Information given START

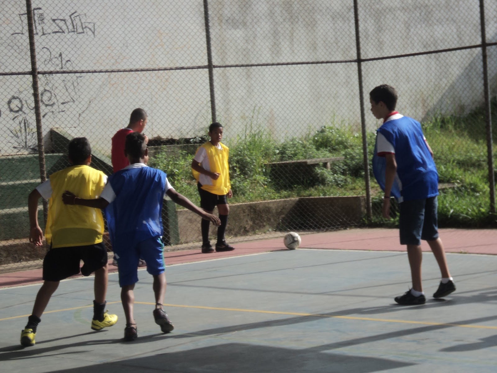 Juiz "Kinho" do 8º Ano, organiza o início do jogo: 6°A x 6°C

Information given END
Information given START

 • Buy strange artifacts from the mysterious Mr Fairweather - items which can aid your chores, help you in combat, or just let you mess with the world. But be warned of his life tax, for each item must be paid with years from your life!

Information given END
Information given START

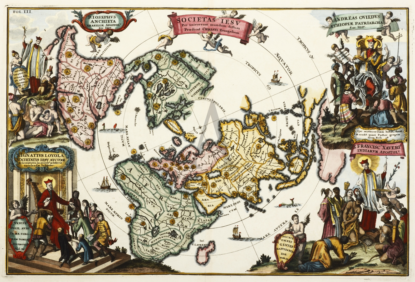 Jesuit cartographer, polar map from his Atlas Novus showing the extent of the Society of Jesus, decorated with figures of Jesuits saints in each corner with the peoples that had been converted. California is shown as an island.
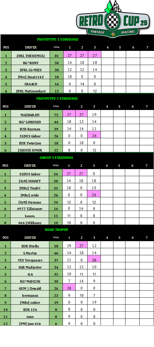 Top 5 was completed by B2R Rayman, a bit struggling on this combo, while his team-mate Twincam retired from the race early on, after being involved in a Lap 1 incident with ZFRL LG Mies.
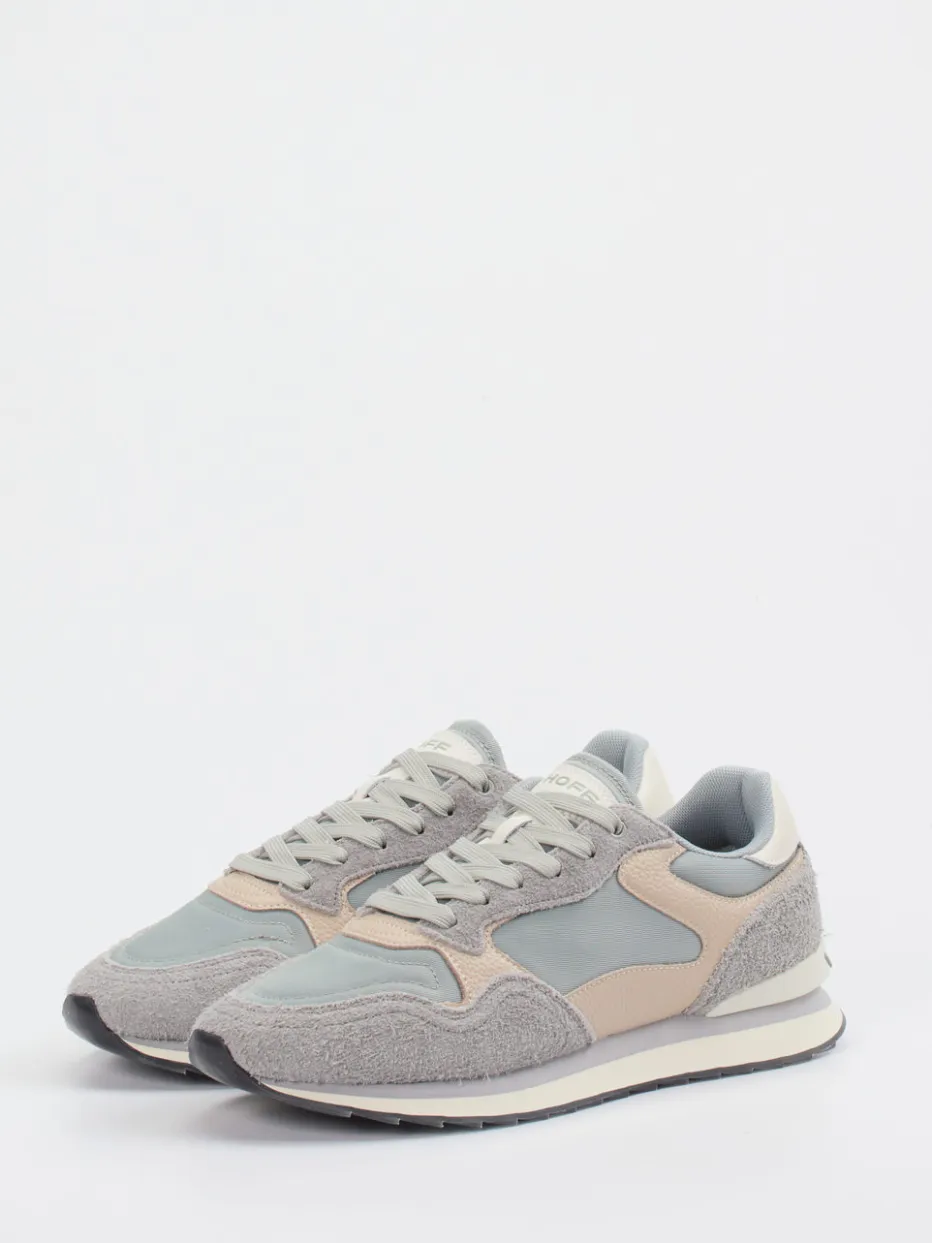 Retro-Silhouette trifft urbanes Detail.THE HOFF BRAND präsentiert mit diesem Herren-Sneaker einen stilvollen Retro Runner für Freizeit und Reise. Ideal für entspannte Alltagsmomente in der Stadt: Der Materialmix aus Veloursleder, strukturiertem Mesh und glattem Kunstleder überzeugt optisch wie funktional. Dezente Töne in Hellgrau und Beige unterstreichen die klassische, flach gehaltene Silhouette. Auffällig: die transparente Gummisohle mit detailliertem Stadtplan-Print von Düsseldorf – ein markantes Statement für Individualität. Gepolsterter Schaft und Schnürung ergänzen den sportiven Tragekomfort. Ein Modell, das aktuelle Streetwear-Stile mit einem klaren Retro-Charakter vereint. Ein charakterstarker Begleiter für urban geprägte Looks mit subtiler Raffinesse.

Information given END

| Task requirements |
Would you output only the span of the records above that opens with the line containing "Top 5 was completed" and closes with the line containing "Retro-Silhouette trifft urbanes", ends included and pictures dropped?

| Written solution |
 Top 5 was completed by B2R Rayman, a bit struggling on this combo, while his team-mate Twincam retired from the race early on, after being involved in a Lap 1 incident with ZFRL LG Mies.
 Retro-Silhouette trifft urbanes Detail.THE HOFF BRAND präsentiert mit diesem Herren-Sneaker einen stilvollen Retro Runner für Freizeit und Reise. Ideal für entspannte Alltagsmomente in der Stadt: Der Materialmix aus Veloursleder, strukturiertem Mesh und glattem Kunstleder überzeugt optisch wie funktional. Dezente Töne in Hellgrau und Beige unterstreichen die klassische, flach gehaltene Silhouette. Auffällig: die transparente Gummisohle mit detailliertem Stadtplan-Print von Düsseldorf – ein markantes Statement für Individualität. Gepolsterter Schaft und Schnürung ergänzen den sportiven Tragekomfort. Ein Modell, das aktuelle Streetwear-Stile mit einem klaren Retro-Charakter vereint. Ein charakterstarker Begleiter für urban geprägte Looks mit subtiler Raffinesse.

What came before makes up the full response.